5 NAND flash manufacturers balance performance, reliability Evaluate flash memory advantages and disadvantages

QLC vs. TLC SSDs: Which is best for your storage needs?

QLC flash memory is best for most read-intensive workloads, while TLC is suited to write-dominant workloads. Discover how QLC vs. TLC NAND are coexisting in the data center.

IT professionals tend to see the march of technology as monotonic and progressive -- always moving in one direction toward greater improvement, however that's measured.

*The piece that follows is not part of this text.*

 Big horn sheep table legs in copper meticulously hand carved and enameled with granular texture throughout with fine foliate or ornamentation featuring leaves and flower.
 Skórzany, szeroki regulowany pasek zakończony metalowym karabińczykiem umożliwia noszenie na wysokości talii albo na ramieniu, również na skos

The impression is generally valid: No one makes picture tube TVs, rotary landline phones or cassette recorders anymore because there's no market for them, given the vastly superior replacement technologies.

However, sometimes, there's room for multiple generations of the same underlying technology because of secondary differences, like performance, reliability, durability, life span and cost. Such is the case with NAND flash memory, where the progression from single-level cell (SLC) to multi-level cell (MLC), triple-level cell (TLC), quad-level cell (QLC) and emerging penta-level cell (PLC) storage technology has left enough performance gaps between them to allow space for the different forms of NAND flash in the modern data center.

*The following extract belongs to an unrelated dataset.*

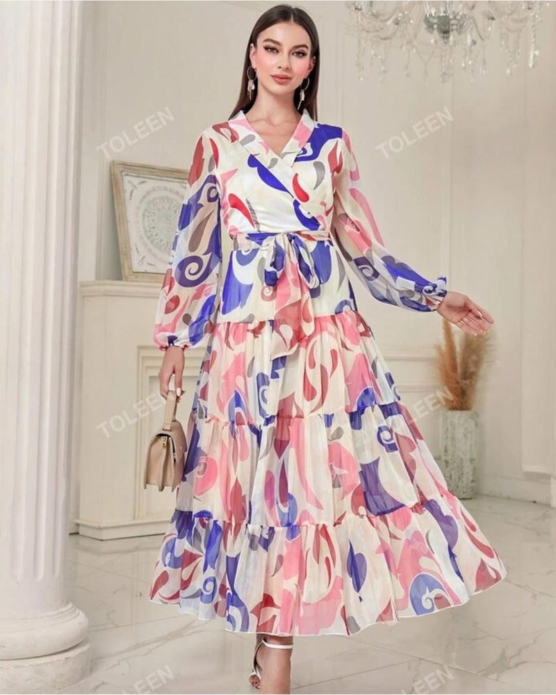 Women Allover Print Lantern Sleeve Ruffle Hem Belted Dress S4605791 XL | TUZZUT Qatar Online Shopping Order On WhatsApp Skip to content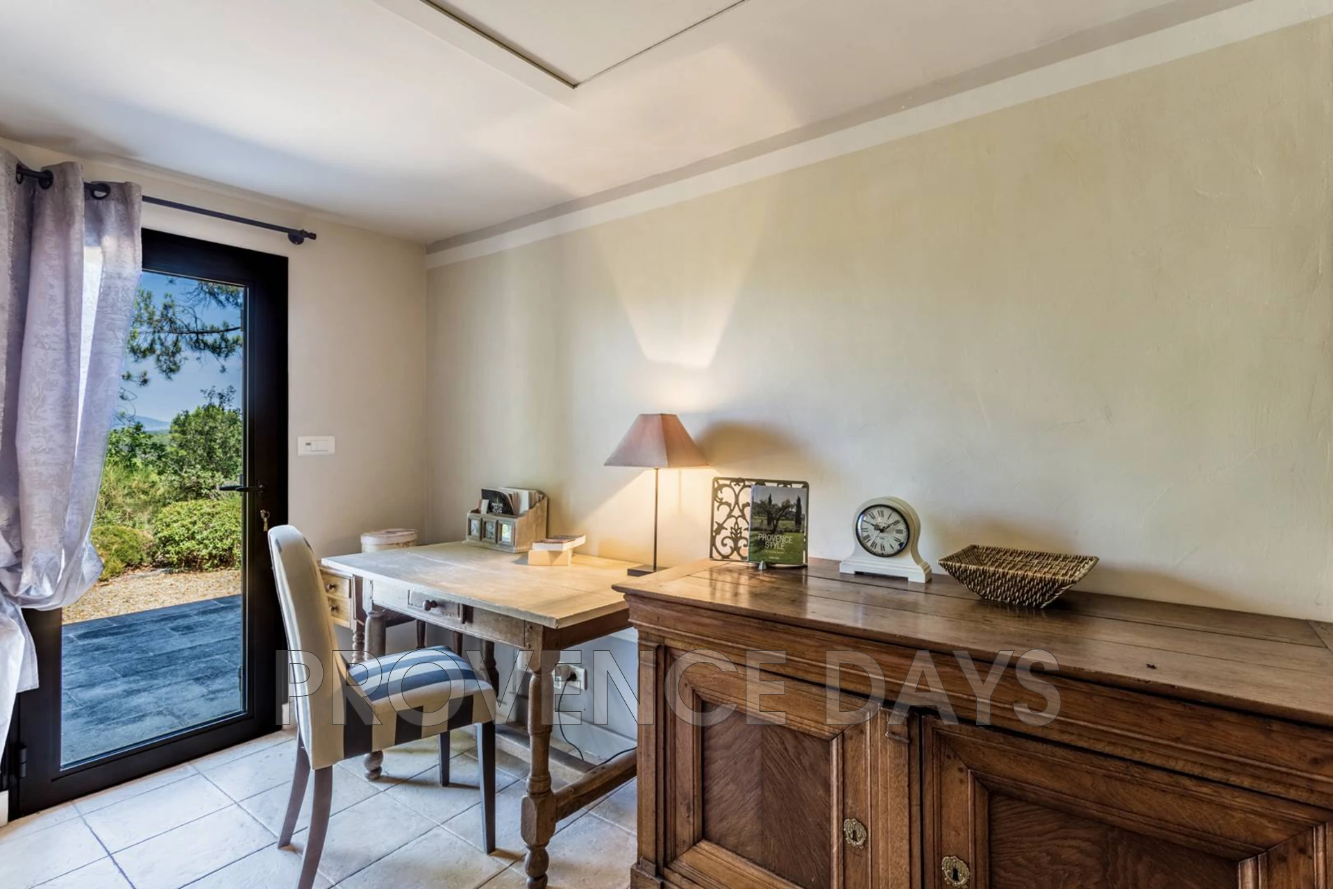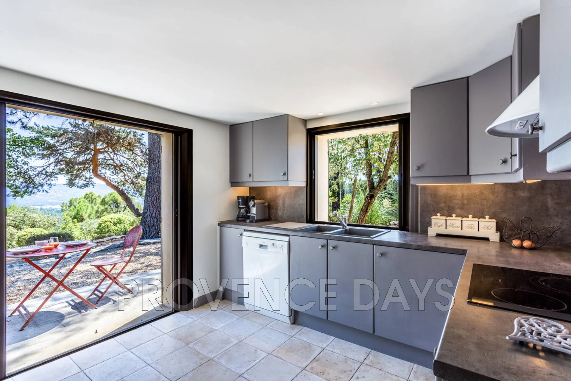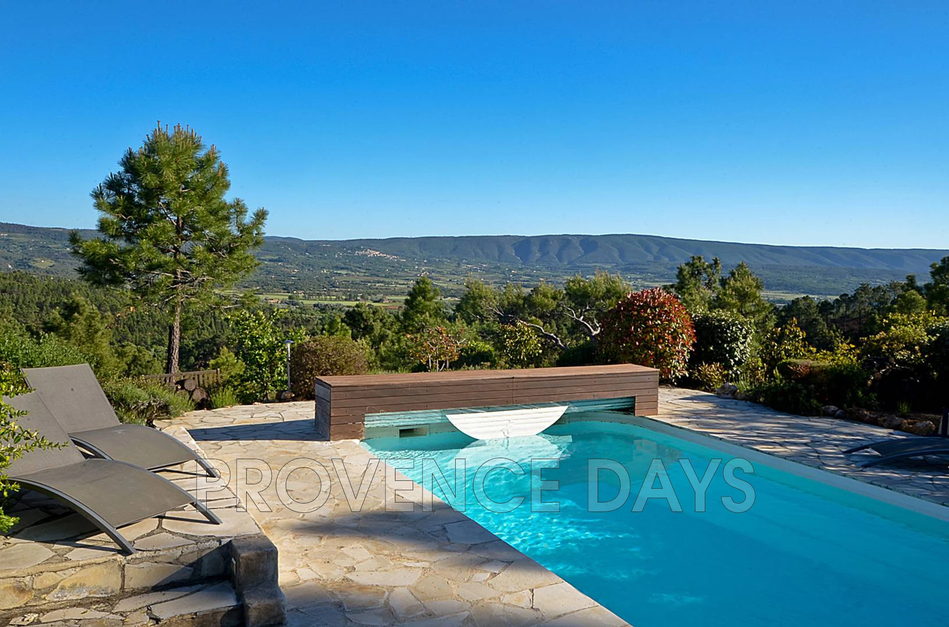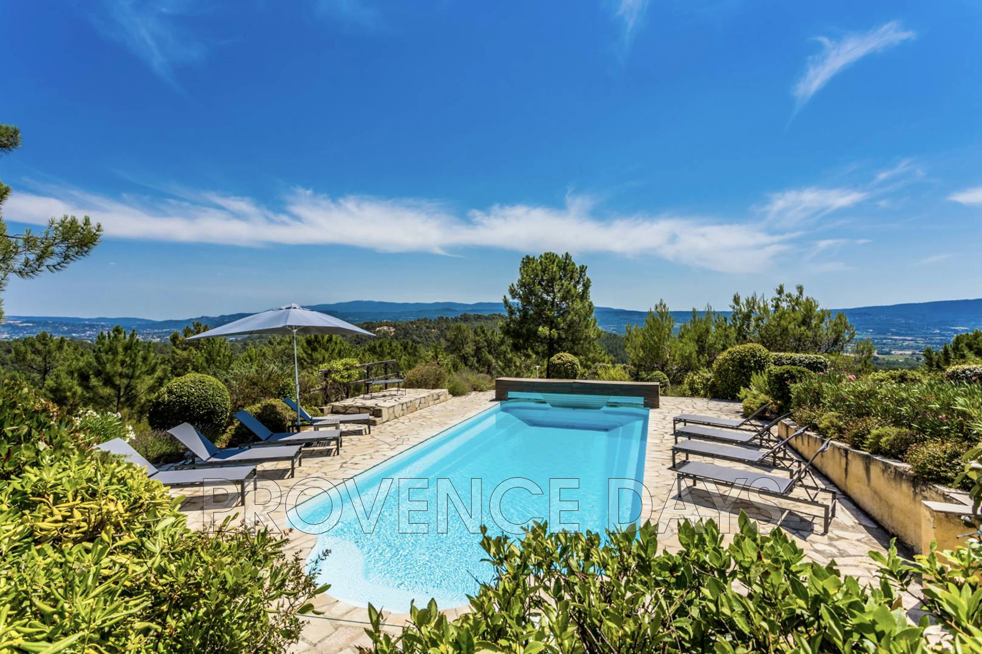 Villa Roussillon is a stylish single-storey villa for eight, offering breathtaking sunrise-to-sunset views, a heated pool, and seamless indoor-outdoor living. - Inside - The villa features air-conditioned bedrooms arranged to either side of a spacious central living and dining area, where wide sliding doors disappear into the walls to merge the inside and outside spaces. Living Room: A big space with leather sofas around a fireplace and TV/DVD in one half of the room, and the dining table in the other half. There are both French and English-language channels on the TV, and high-speed WiFi internet. Kitchen: Equipped with oven, 4-ring stove, fridge-freezer, dishwasher, microwave, filter coffee machine, and Nespresso. The kitchen also opens onto the south-facing terrace. Laundry Room: With washing machine, tumble dryer and a second fridge-freezer. Study: Writing desk and day-bed, next to the master bedroom. Guest WC - Bedrooms - Villa Roussillon sleeps 8 people with 4 air-conditioned double bedrooms and 3 bathrooms, all on the ground floor, and each bedroom has its own TV/DVD with satellite channels. Master Bedroom: Opening onto the main terrace, the master bedroom has a 1.8m/6ft-wide bed. The en suite bathroom has bath with handheld shower, double basins and toilet. Bedroom 2: With a 1.6m/5.25ft-wide bed. En suite bathroom with a shower and basin, and a separate toilet. Bedroom 3: With 1.4m/4.6ft-wide bed and shared connected bathroom with bedroom 4, with shower, basin and toilet. Bedroom 4: Sharing the third bathroom with bedroom 3, bedroom 4 has a 1.4m/4.6ft-wide bed. - Outside - From the terrace, garden and pool there is a fabulous view to the south. The hilltop villages of Bonnieux and Lacoste are framed against the backdrop of the Luberon mountain. There are 3 acres (1.25ha) of garden with terrace, pool area and pine trees. The pool is heated from May to October and measures 10m x 4.2m (33ft x 14ft). The pool has a sliding rigid cover for security, roman steps at one end and safety step along the sides. Around the pool are sun loungers and parasols, and of course that view. Outdoor dining can be on the terrace under an awning, or in the garden under the shade of the pergola alongside the bbq. Secure parking is to the rear of the house, and the entrance to the property is gated.

This article discusses the fundamental tradeoff between performance and capacity; here, our focus is on the two current highest-density technologies: QLC vs. TLC. PLC is still in its formative stages of development and is too early for commercial adoption.

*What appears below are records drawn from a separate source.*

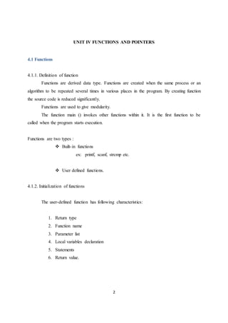The document discusses functions and pointers in C programming. It defines functions as reusable blocks of code that perform a specific task. Functions are declared with a return type, name, parameters, and body. Parameters can be passed by value or reference. Pointers are variables that store memory addresses. Pointer arithmetic and pointers with arrays are also covered. The document provides examples of different types of functions like those with and without return values and parameters. Recursion, where a function calls itself, and pointers are demonstrated through code examples.
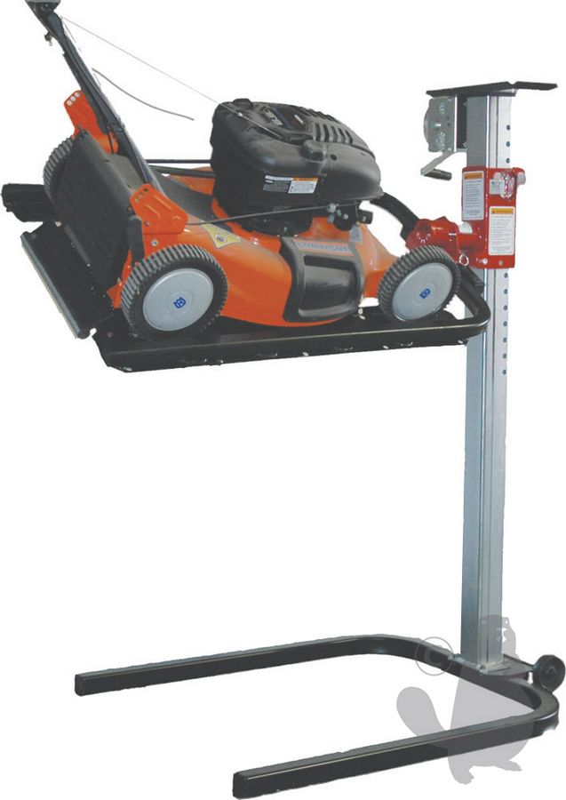 Professional lift for mowers, tillers, aerators, etc. Table rotates 360°. Easy to maneuver with transport wheels. Perfect access to machine, for repair and maintenance jobs. Manual winch. Max : 115 kg. Height max : 122 cm. With 2 safety straps.
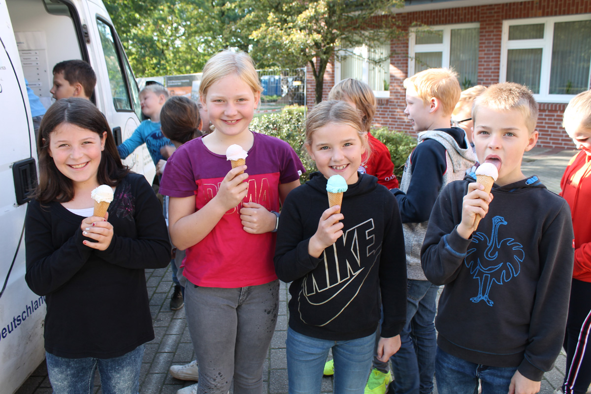 Am letzten Schultag vor den Herbstferien haben wir dann noch eine ganz tolle Sache erlebt. Auf einmal stand der Thies-Eiswagen vor der Schule. Jedes Kind durfte sich ein leckeres Eis abholen. Mit dieser grandiosen Aktion hat uns der Förderverein ein ganz großes Geschenk gemacht. Ich habe unsere Kinder (und uns Lehrerinnen) sehr glücklich gesehen....soooooo viele bunte lachende Eisgesichter... herrlich!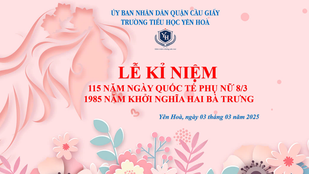 Hòa chung không khí chào mừng ngày Quốc tế Phụ nữ 8/3, kỉ niệm 1985 năm cuộc khởi nghĩa Hai Bà Trưng và phát động tuần lễ áo dài nhằm tôn vinh vẻ đẹp của người phụ nữ Việt Nam qua tà áo dài truyền thống, được sự đồng ý của Phòng GD&ĐT quận Cầu Giấy, trường Tiểu học Yên Hòa phối kết hợp cùng Ban đại diện hội CMHS các lớp tổ chức chương trình với chủ đề “Hương sắc áo dài Việt”. Đây là một hoạt động đầy ý nghĩa được nhà trường tổ chức để giáo dục học sinh về biểu tượng văn hóa, thể hiện niềm tự hào, tôn vinh giá trị truyền thống và bản sắc dân tộc.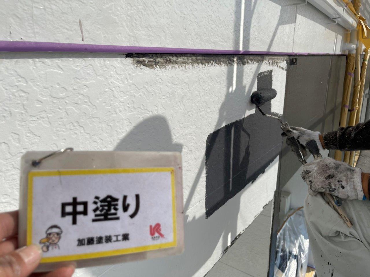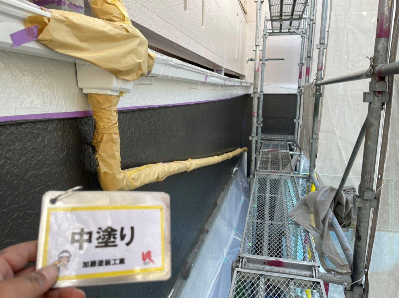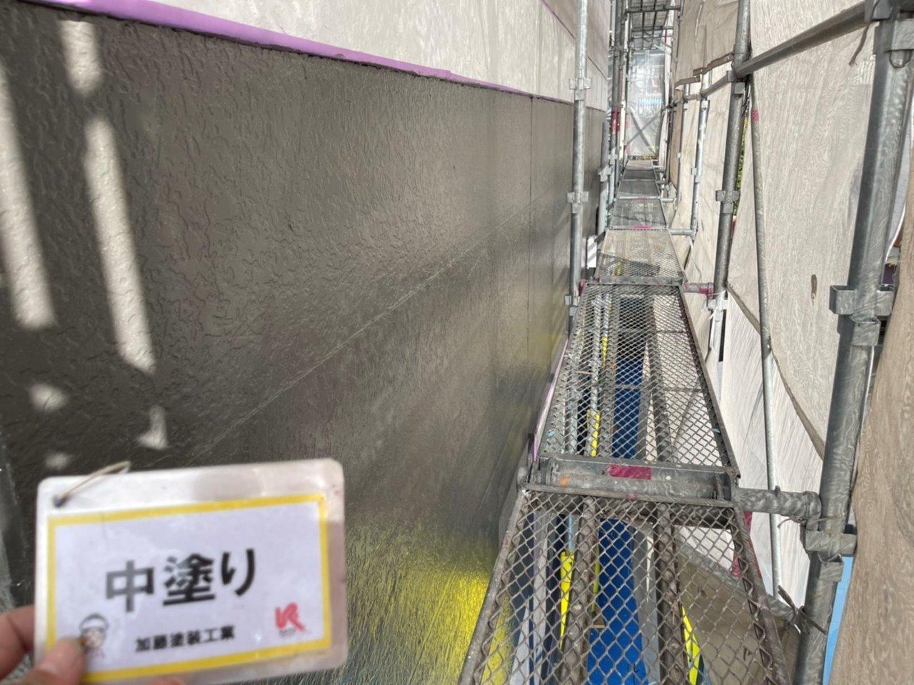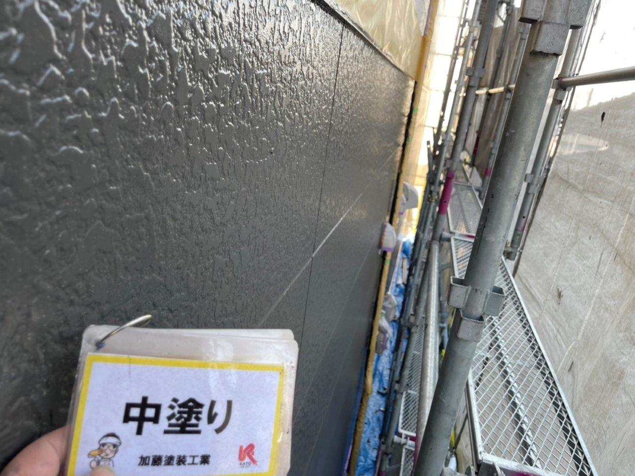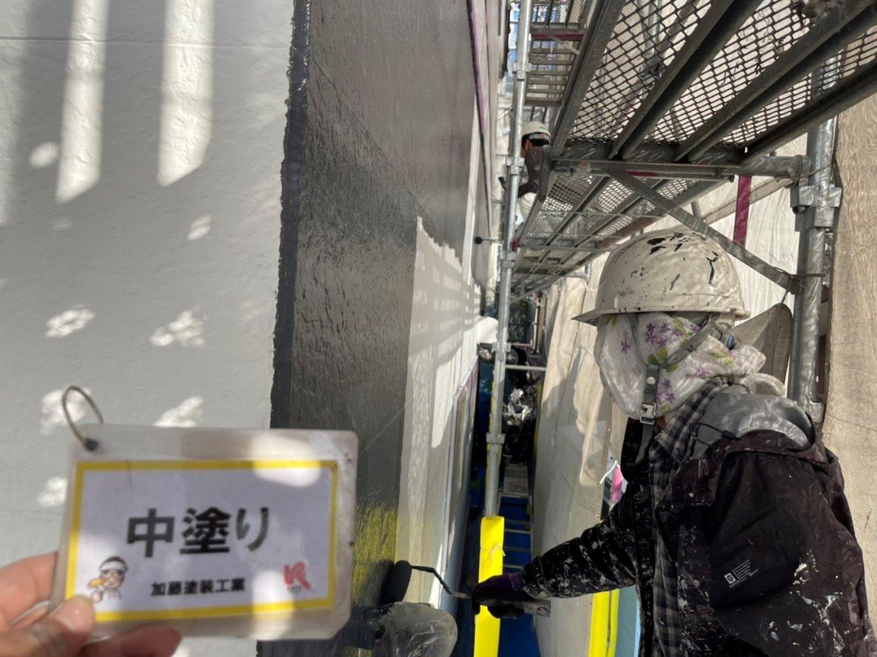 熊本市アパート外壁塗装 上塗り状況です。

You might think that QLC, with 4 bits per cell, is an evolutionary extension that increases flash memory density by 33% and could completely replace TLC, with 3 bits per cell, for high-capacity SSD uses. However, TLC technology has improved in terms of durability and performance to create roles for both types of NAND. Read on to find out more about the QLC vs. TLC debate and why you might want both in your storage systems.

Basic differences between QLC and TLC

Buyers of flash memory immediately face a choice of the underlying storage technology. Yes, all use semiconductor memory cells instead of ferromagnetic polarization to store bits, but unlike hard disks, flash memory devices can hold 1, 2, 3, 4 and, soon, 5 bits per storage cell. The more bits per cell, the higher the storage capacity per flash chip. Given the benefits of multibit cells and technology advances that have mitigated most drawbacks, TLC and QLC dominate the consumer market and are rapidly displacing SLC for all but the most write-demanding workloads in enterprise storage systems.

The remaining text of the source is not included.